Hacking Chinese

A better way of learning Mandarin

Phonetic components, part 1: The key to 80% of all Chinese characters

When introducing characters for the first time, most teachers explain that there are six different kinds of ways that characters are composed in Chinese (六书/六書 in Chinese, read more here if you don’t know what I’m talking about). The first category brought up is usually pictographs, which are (or at least were) pictures of objects in the real world.

Sometimes, teachers spend a lot of time explaining how these work, showing how a picture of the sun turned into 日, how the moon turned into 月 and a tree into 木. Then, to show that Chinese characters aren’t that scary, some teachers demonstrate that character can be combined to form new characters, so that if 木 means tree, 林 means forest and 森 means luxuriant growth.

yangRegardless of what the teacher does next, this is what sticks in students minds. There might be other explanations of the other ways of character formation, but since they are less direct and requires you to already understand a bit about characters before you fully understand what it’s all about, they are either glossed over or not remembered by the students.

This is serious, because while pictographs are pretty and easy to explain, they only make up around 5% of all characters. Phonetic-semantic components, on the other hand, make up almost 80% of all characters. Funny that most material online and in textbooks tend to focus on the former and not the latter. Indeed, most textbooks I’ve seen don’t do more than give a few lines defining what phonetic-semantic compounds are.

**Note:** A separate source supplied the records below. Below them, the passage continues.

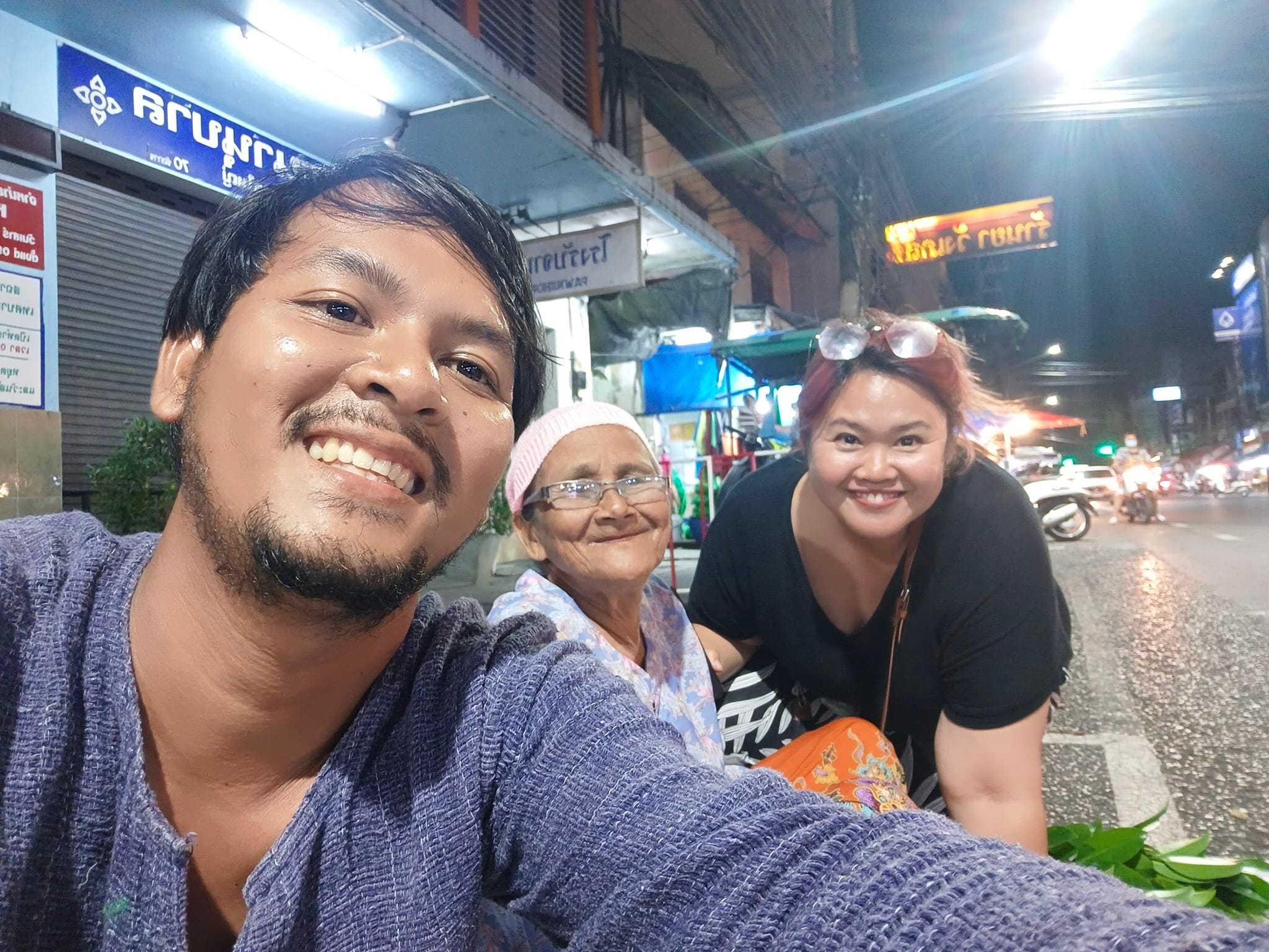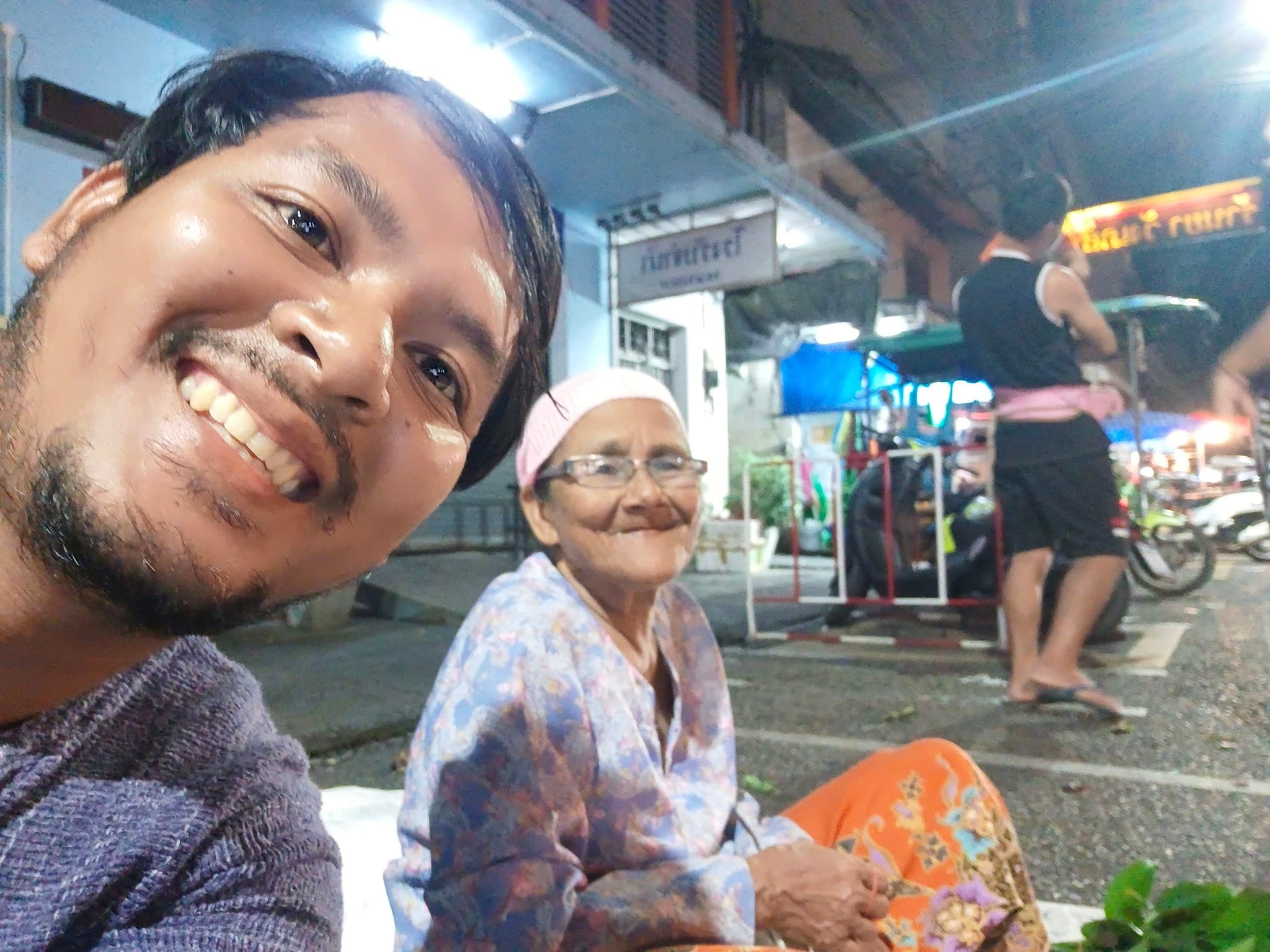 “มะแก่ย๊ะ” เล่าว่า ท่านมาขายผักที่ตลาดนี้ทุกวัน โดยมาพร้อมกับหลานซึ่งเปิดร้านขายน้ำชาอยู่ไม่ไกลกัน ท่านจะเริ่มขายตั้งแต่หัวค่ำไปจนถึงเที่ยงคืนแล้วจึงกลับบ้านพร้อมหลาน ๆ “ชอบอาชีพค้าขายมาก ทำมาตั้งเเต่สาว ๆ อายุ ๑๕ ปีก็ขายของแล้ว” มะแก่ย๊ะเล่าด้วยแววตาเปี่ยมประสบการณ์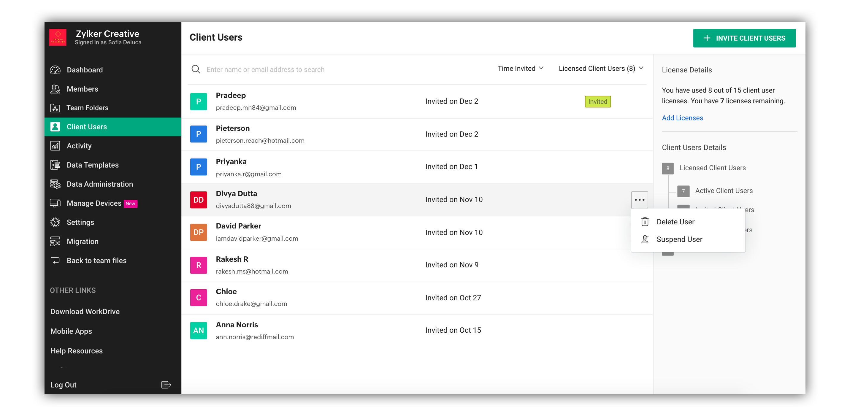 - 暂停用户:这将阻止客户用户登录团队帐户,并会断开他们以前连接的所有设备与 WorkDrive 应用之间的连接。您可以稍后激活或删除这些用户的帐户。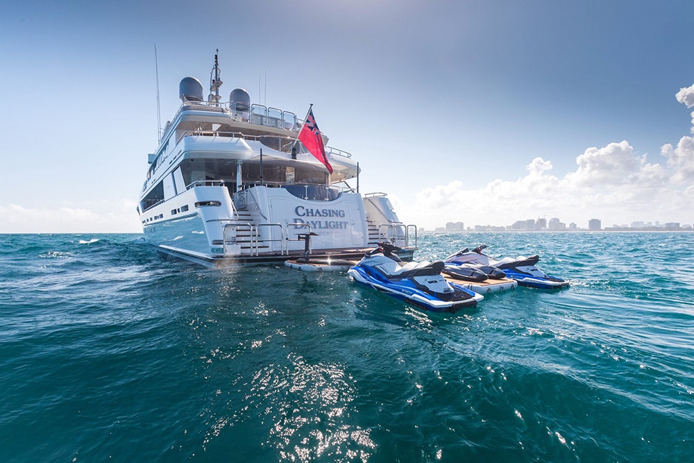 The 164’ (50m) Westport charter yacht CHASING DAYLIGHT boasts a proven, well-rounded charter program fit for all types of guests. From exciting themed dinners to a full day of exhilarating water sports, CHASING DAYLIGHT is the adventurous charterer’s dream. She features an elevator servicing all decks for seamless movement. Her interior is contemporary and warm with plenty of natural light. CHASING DAYLIGHT’s guest accommodation layout is versatile, featuring an unrivaled VIP cabin with a king-size bed and a private balcony. The yacht’s outdoor spaces are primed for endless hours of fun and relaxation, including her sensational sundeck with 360-degree views of her cruising grounds.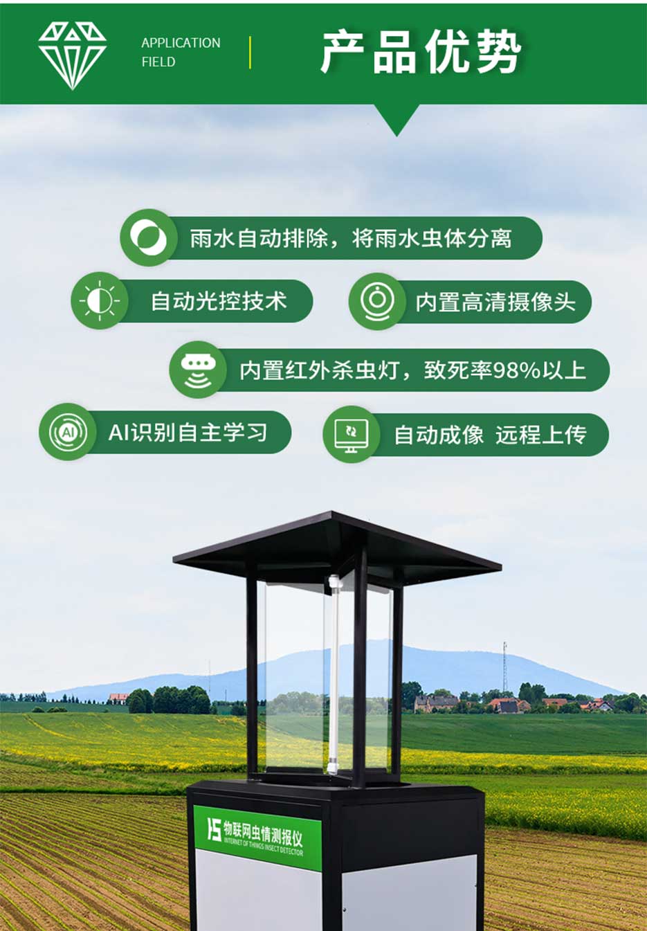产品简介:华胜物联网虫情测报仪通过构建一套完整的害虫监测及预警系统,集成了害虫诱捕、拍照、环境信息采集、数据传输、数据分析等功能于一体,实现了害虫诱集、分类统计、实时报传、远程检测、虫害预警和防治指导的自动化与

A typical phonetic-semantic compound is shown in the picture to the right. It consists of one semantic part that relates to the meaning of the character (white, water in this case) and one phonetic part that indicates the pronunciation of the characters (red, sheep in this case).

A huge majority of characters belong to one category: phonetic-semantic compounds

After the introduction course, teachers will assume that the students already learnt about phonetic-semantic compounds the first week, so no-one will really make up for it later. This means that there are myriads of intermediate and even advanced learners who haven’t actually understood why phonetic components are crucial.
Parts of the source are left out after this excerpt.